LeetCode 1155 - Number of Dice Rolls With Target Sum

The problem gives us n identical dice, where each die has faces numbered from 1 to k. We roll all n dice and want to count how many different sequences of rolls produce a total sum equal to target. The important detail is that order matters.

leetcodemediumdynamic-programming

LeetCode Problem 1155

Difficulty: 🟡 Medium
Topics: Dynamic Programming

Solution

Problem Understanding

The problem gives us n identical dice, where each die has faces numbered from 1 to k. We roll all n dice and want to count how many different sequences of rolls produce a total sum equal to target.

The important detail is that order matters. For example, when rolling two six-sided dice and targeting a sum of 7, the outcomes (1, 6) and (6, 1) are considered different ways. We are not counting combinations, we are counting ordered sequences of dice rolls.

The input consists of:

  • n, the number of dice
  • k, the number of faces on each die
  • target, the desired total sum

The output should be the total number of valid roll sequences whose values add up to target.

Since the number of possible outcomes can become extremely large, the answer must be returned modulo 10^9 + 7. This is a common requirement in combinatorics and dynamic programming problems to prevent integer overflow and keep values manageable.

The constraints are important:

  • 1 <= n, k <= 30
  • 1 <= target <= 1000

A naive solution would try every possible sequence of rolls. Since each die has k choices, the total number of sequences is k^n. In the worst case, that becomes 30^30, which is astronomically large and completely infeasible.

The constraints strongly suggest that we need a dynamic programming solution.

Several edge cases are important:

  • The target may be impossible to achieve. For example, with n = 2, the minimum sum is 2 and the maximum sum is 2 * k. Any target outside this range should return 0.
  • A target equal to the minimum or maximum possible sum often has only one valid arrangement.
  • Large values of n, k, and target require careful optimization to avoid excessive runtime.
  • Intermediate counts become very large, so modulo arithmetic must be applied consistently.

Approaches

Brute Force Approach

The most direct solution is to generate every possible sequence of dice rolls and count how many sequences sum to target.

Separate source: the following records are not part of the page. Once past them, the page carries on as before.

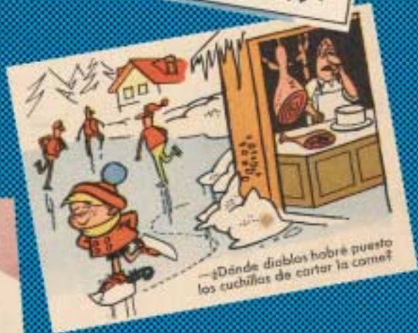
—¿Dónde diablos habré puesto los cuchillos de cortar la carne?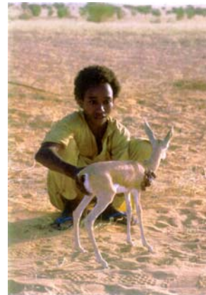
Jeune gazelle dorcas

La gazelle dorcas peut être considérée comme l'espèce la mieux représentée de tous les ongulés des zones désertiques et subdésertiques. La densité semble cependant beaucoup plus importante au Sud de Tesker à Termit, moyenne dans le massif et faible à très faible au delà.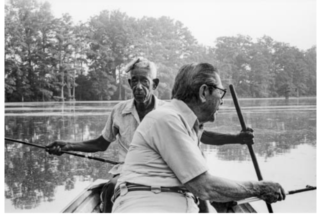
08_ Granddaddy and Sank Fishing, 1982

We can think of this as a recursive search:

  • For each die, try every face value from 1 to k
  • Track the running sum
  • Once all n dice are used, check whether the sum equals target

This approach is correct because it explicitly explores every valid sequence of rolls and counts exactly those whose total matches the target.

However, the runtime is terrible. Each die introduces k branching choices, so the total number of recursive paths is k^n.

For the maximum constraints:

$$30^{30}$$

This is completely impractical.

Optimal Dynamic Programming Approach

The key observation is that many subproblems repeat.

Suppose we already know:

  • how many ways there are to make sum s
  • using exactly d dice

Then, to compute the number of ways to make a larger sum with one more die, we can extend those previous results.

This naturally leads to dynamic programming.

We define:

$$dp[d][s]$$

as the number of ways to achieve sum s using exactly d dice.

To compute this:

  • Try every possible face value from 1 to k
  • If the current die shows face, then the previous dice must have formed:

$$s - face$$

So the recurrence becomes:

$dp[d][s]=\sum_{face=1}^{k} dp[d-1][s-face]$

This avoids recomputing the same states repeatedly.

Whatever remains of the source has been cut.